RAG
RAG (Retrieval Augmented Generation) helps models answer questions about long documents by breaking them into chunks and using only the most relevant parts.
For example, when given a long annual report and asked "Does this company have an ESG policy?", RAG will:
- Split the document into chunks, e.g. of ~2000 characters
- Find chunks most relevant to ESG and policy
- Send only the top chunks to the model, e.g. top 10 chunks
- Generate an answer based on those chunks
This helps the model:
- Handle documents longer than its context window
- Focus on relevant information
- Provide more accurate answers
- Cite sources correctly
Using RAG
On the Playground, enable the RAG
checkbox and:
- Paste your (long) document in the User message box
- Set your Task (e.g. "Does this company have an ESG policy?")

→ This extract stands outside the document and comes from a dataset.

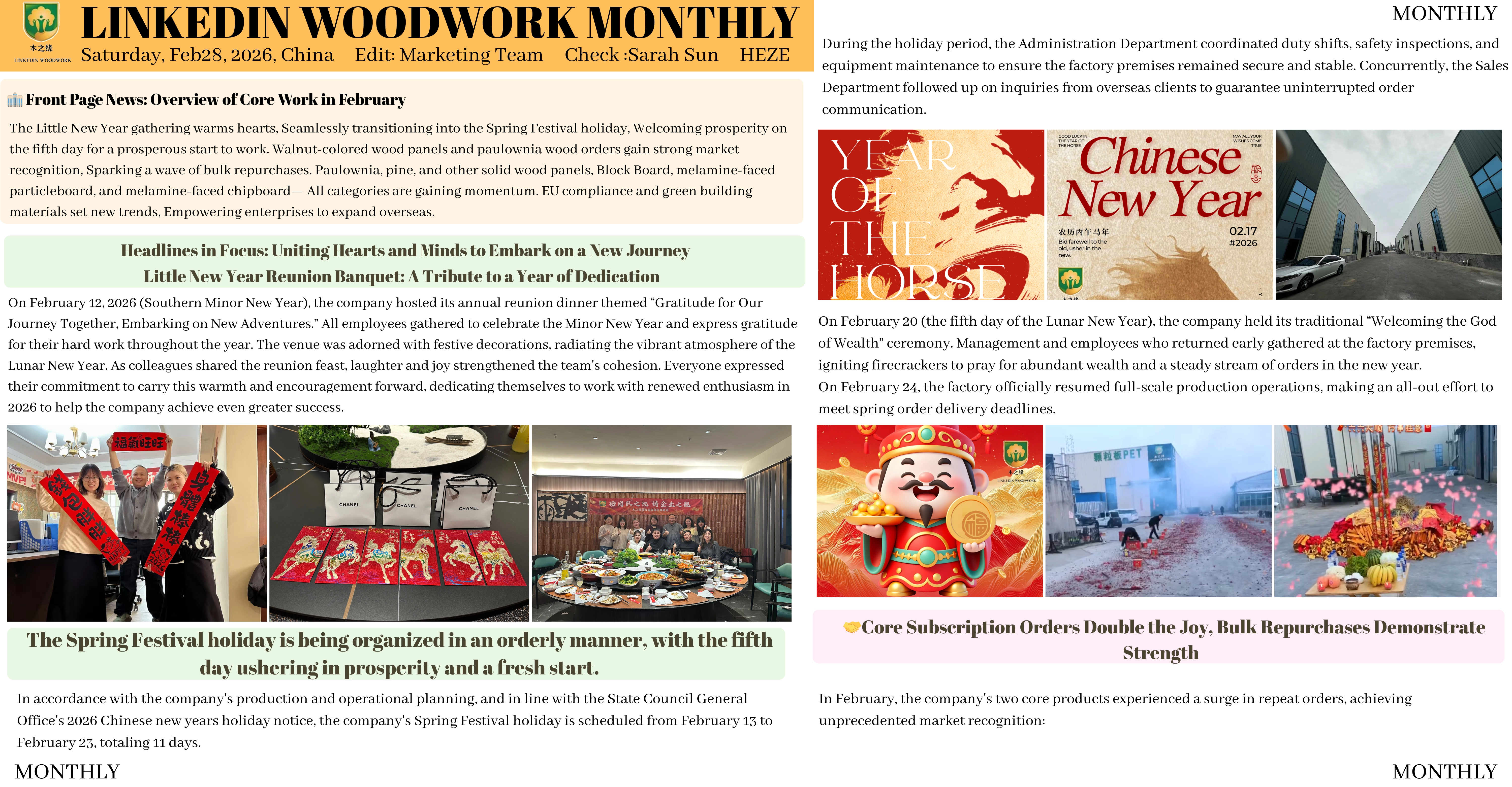 Le mois a commencé avec le petit banquet annuel du Nouvel An « Gratitude pour notre voyage ensemble », réunissant l'équipe dans une célébration et réaffirmant les objectifs communs. Après les vacances, l'usine a repris ses activités le 24 février, en donnant la priorité au respect des délais de commande du printemps. Les principaux faits saillants comprenaient :

- Adjust settings if needed:
- Chunk size: Length of text segments (default: 2000)
- # chunks: Number of relevant chunks to use (default: 10)
- System prompt: Instructions for the model (default: "Assist the user with the task using ONLY the context")
You can use this to:
- Query long documents. Ask questions about books, reports, or documentation
- Summarize sections. Get summaries of specific topics from a large document
- Find relevant parts. Locate sections most relevant to your question
- Compare sections. Ask about relationships between different parts of a document
Note: RAG disables system instructions and attachments since it uses its own prompting strategy.